(OBITUARIO)
Por Álvaro Acevedo / Foto: Arjona
Escultor sublime de la verónica, espejo de sí mismo, piernas de rodillas rotas y manos de muñecas muertas. Duende, sufrimiento y cante, nos dio sólo una brizna de lo que llevaba dentro y aun así pasó a la Historia. Sueño gitano de Belmonte, musa torera de los flamencos, devoción de Santiago y pureza de Jerez.
En sus tardes de escandalera, el toreo era lamento y duquelas, el alma arrancada a jirones. La hermosura agotadora del lance de capa. La media como una flor redonda. El pecho y la verdad por delante. El trincherazo de repeluco. Y ese natural arrematao con la cintura como un junco. La bamba de su capote, los vuelos de la pañosa, la hondura de lo clásico. Antes que la gracia, la enjundia. Antes que lo bonito, lo profundo. El quejío siempre antes que el pellizco.

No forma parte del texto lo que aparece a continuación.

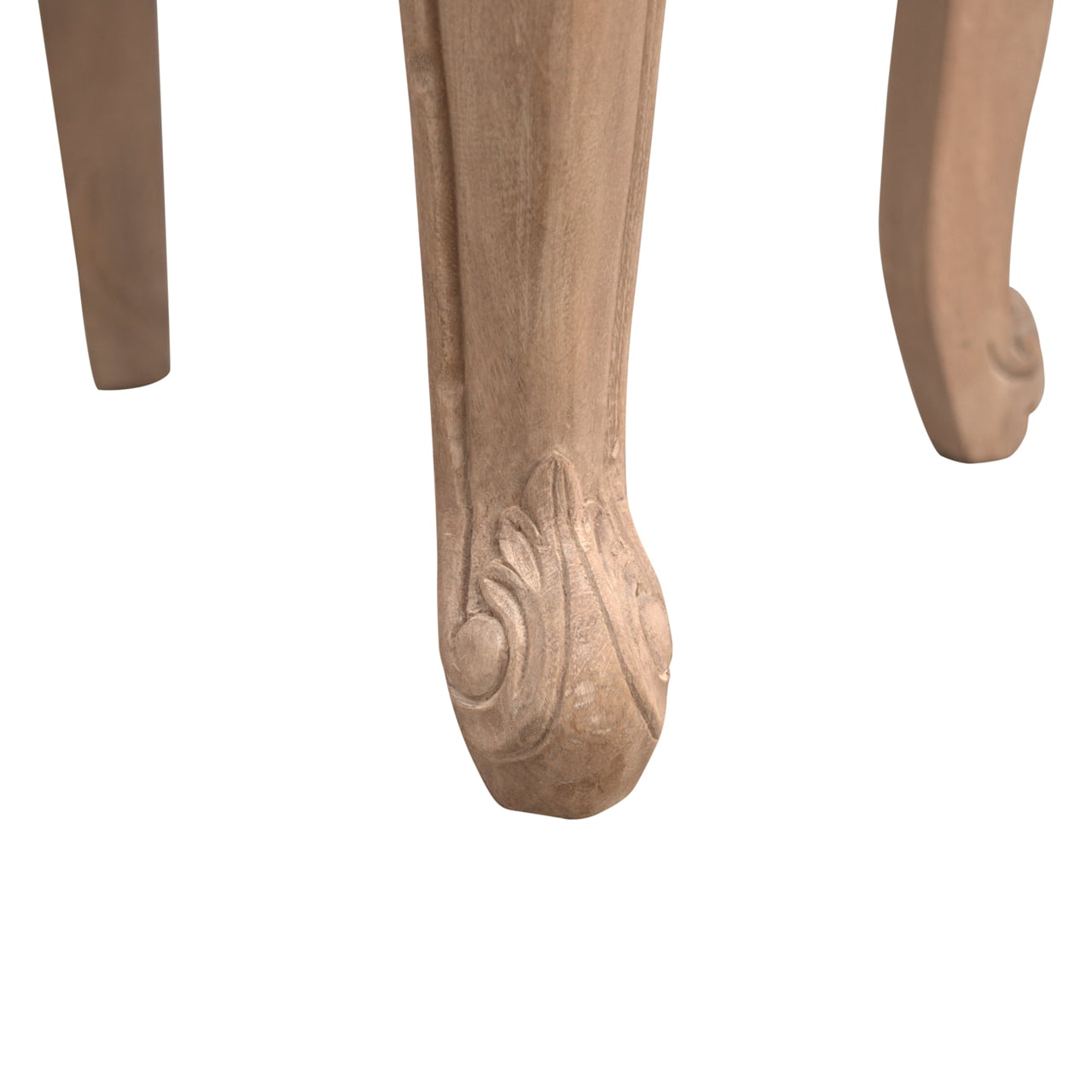 This accent chair is constructed from 100% solid mango wood, known for its robust nature and beautiful grain patterns. The fine craftsmanship is evident in every curve and contour of the chair, particularly its four French-styled cabriolet legs. These legs not only serve a functional purpose but also add a distinctive ornate touch, elevating the chair’s visual appeal. Finished with a sun-bleached effect, the legs enhance the vintage look while lending a soft, warm hue that complements a variety of interior styles.

El soniquete de sus andares. El vámonos que nos vamos. Colgarse el capote en los dedos. Mecerse, echarlo y traérselo. El percal convertido en seda. La violencia en compás. La furia en armonía y el miedo en magia. Las cosas de las cosas.
Torero por los cuatro costaos, llora la Fiesta una pena negra, porque el que se ha ido no volverá reencarnado en nadie. Ha muerto Rafael de Paula, el arte de torear.